Counting the number of characters in comments line in C

An answer to this question on Stack Overflow.

Question

I need to count the characters in the comments from a C program, that is supplied as a standard input. This is my function, but for some reason it's not counting right. Can you help me please?

int characters(FILE *file)
{
     int i=0;
     char ch[500], *p;
     while (fgets(ch, sizeof(ch),file)!=NULL)
     {
        p=ch;
        while (*p)
        { 
           if (*p=='/')
           { 
              p++;
              if (*p=='*')
              {
                 p++;
                 while (*p!='*' && *(p++)!='/')
                 {
                    i++;
                    p++;
                 }
              }
           }
           else
              p++;
         }
   
   return i;
}

Answer

Your code scared me.

There were a lot of pointers going on, and nested loops.

It's easy to get the logic wrong in there, and the code is difficult to extend if you need to make changes.

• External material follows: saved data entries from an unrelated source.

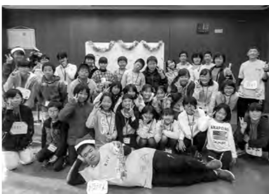
笑顔があふれるクリスマス

町ジュニアリーダーズクラブによるクリスマス会が12月16日、中央公民館で開催され町内の小学校4年生から6年生の児童26人が参加しました。参加した児童たちは、ジュニアリーダーと一緒にミートソーस्पアゲティやシューツリーを作り、昼食には手作りの味に笑みがこぼれていました。午後は、チーム戦でポッチャと輪投げを行い、友達と協力しながら優勝を目指して点数を競い合い、クリスマスの思い出として残る楽しいひとときを過ごしました。
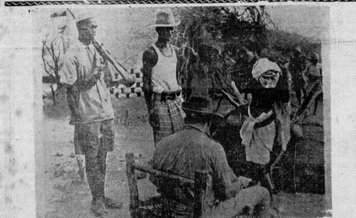
TOTAL BLOQUEO A DJIBOUTI. — Un soldado nativo de las reales fuerzas africanas inglesas ha detenido a un camellero que sale de la Somalia Francesa, totalmente bloqueada y un oficial de las fuerzas africanas que aparece en la foto, mientras que por mar los barcos vigilan constantemente.
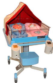
BabyBed & BabyWarmer
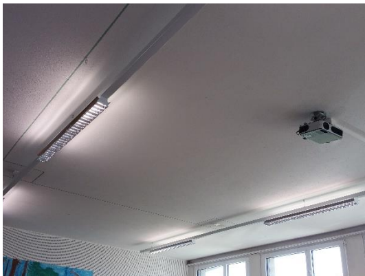
Helle, freundliche Unterrichtsräume

Die 15 alten Notebooks, die nur mit dem veralteten Windows-XP betrieben werden konnten(!), haben wir in Zusammenarbeit mit der Firma Powernet, Oberburg mit 15 Microsoft-Tablets Surface 3 ersetzt. Die nötigen Kredite von Fr. 15'000.00 waren im Budget 2016 eingestellt. Nun können die Ersteler bis Sechsteler die ortsunabhängigen Geräte für Lernprogramme, Suchaufträge oder im Fremdsprachenunterricht nutzen. Einen Teil des internen Netzwerkes haben wir heuer unplanmässig ersetzen müssen, den Rest werden wir in Zusammenarbeit mit der Firma Elektro Christen wie geplant 2017 anpassen.
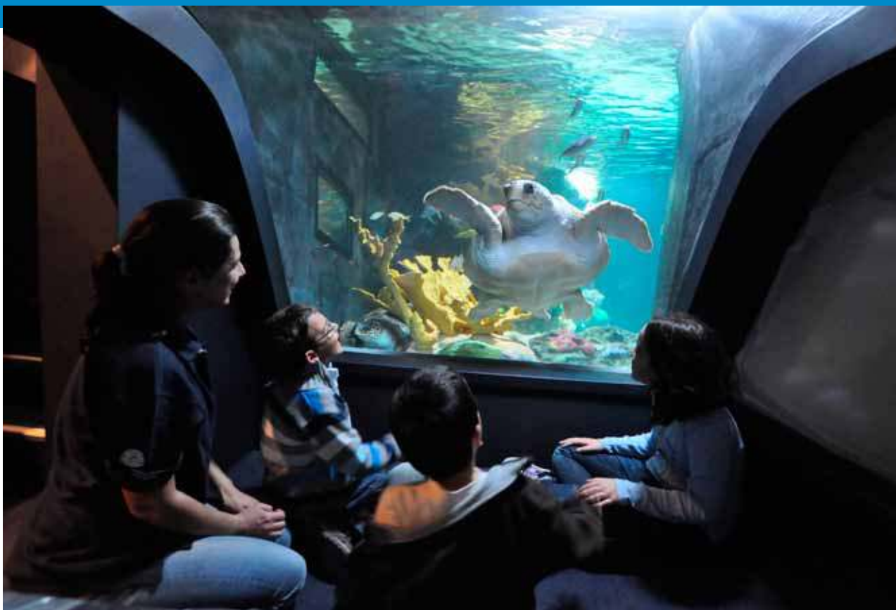
Exposição temporária "Tartarugas marinhas. A viagem.". Oceanário de Lisboa.

Muitas personalidades internacionalmente respeitadas de aquários públicos fizeram contribuições significativas para o documento original da WZACS (2005). No entanto, há muito que foi reconhecido que, juntamente com muitos aspetos em comum, existem diferenças entre aquários e zoos: na sua natureza, carácter, constituição típica, requisitos operacionais, na sua comunidade de partes interessadas, e nos desafios que enfrentam em matéria de conservação e sustentabilidade ambiental para o ambiente aquático ou de zonas húmidas. Assim, decidiu-se que era necessária uma publicação especializada – preparada por e para profissionais de aquários e parceiros – para detalhar cuidadosamente a implementação da WZACS por aquários públicos. Este novo documento estratégico traça o rumo para aquários públicos num mundo em que os recursos marinhos, costeiros e de água doce estão a ser cruelmente explorados, em que a biodiversidade associada à água está em constante declínio, e em que a gestão cuidadosa de todos os ecossistemas aquáticos é agora crucial para o bem-estar do planeta. Em suma, o presente documento Virar a Maré é a resposta completa da Comunidade de Aquários WAZA à WZACS.

Might I suggest a different solution?

A state machine!

We'll read in the file one character at a time and keep track of what state the machine is in. We'll then use this to decide whether or not we are in a comment.

#include <cstdio>
#define S_CODE		    1
#define S_ONESLASH		2
#define S_LINECOMMENT	3
#define S_BLOCKCOMMENT	4
#define S_BLOCKSTAR		5
int characters(FILE *file){
	int ccount=0;
	char ch;
	int state=S_CODE;
     while ((ch=fgetc(file))!=EOF){
		switch(state){
			case S_CODE:
				if (ch=='/')
					state=S_ONESLASH;
				break;
			case S_ONESLASH:
				if (ch=='/')
					state=S_LINECOMMENT;
				else if (ch=='*')
					state=S_BLOCKCOMMENT;
				else
					state=S_CODE;
				break;
			case S_LINECOMMENT:
				if (ch=='\n')
					state=S_CODE;
				else
					ccount++;
				break;
			case S_BLOCKCOMMENT:
				if (ch=='*')
					state=S_BLOCKSTAR;
				ccount++;
				break;
			case S_BLOCKSTAR:
				if (ch=='/')
					state=S_CODE;
				else if (ch=='*')
					state=S_BLOCKSTAR;
				else
					state=S_CODE;
				ccount++;
				break;
		}
	}
	return ccount;
}
int main(int argc, char **argv){
	FILE *fin=fopen(argv[1],"r");
	printf("%d\n",characters(fin));
}

Notice how we use the characters / and * and \n to mark transitions between the machine's different states and how in some states we increment the comment-character counter, but in others not. I think it's much easier to keep track of what's going on here.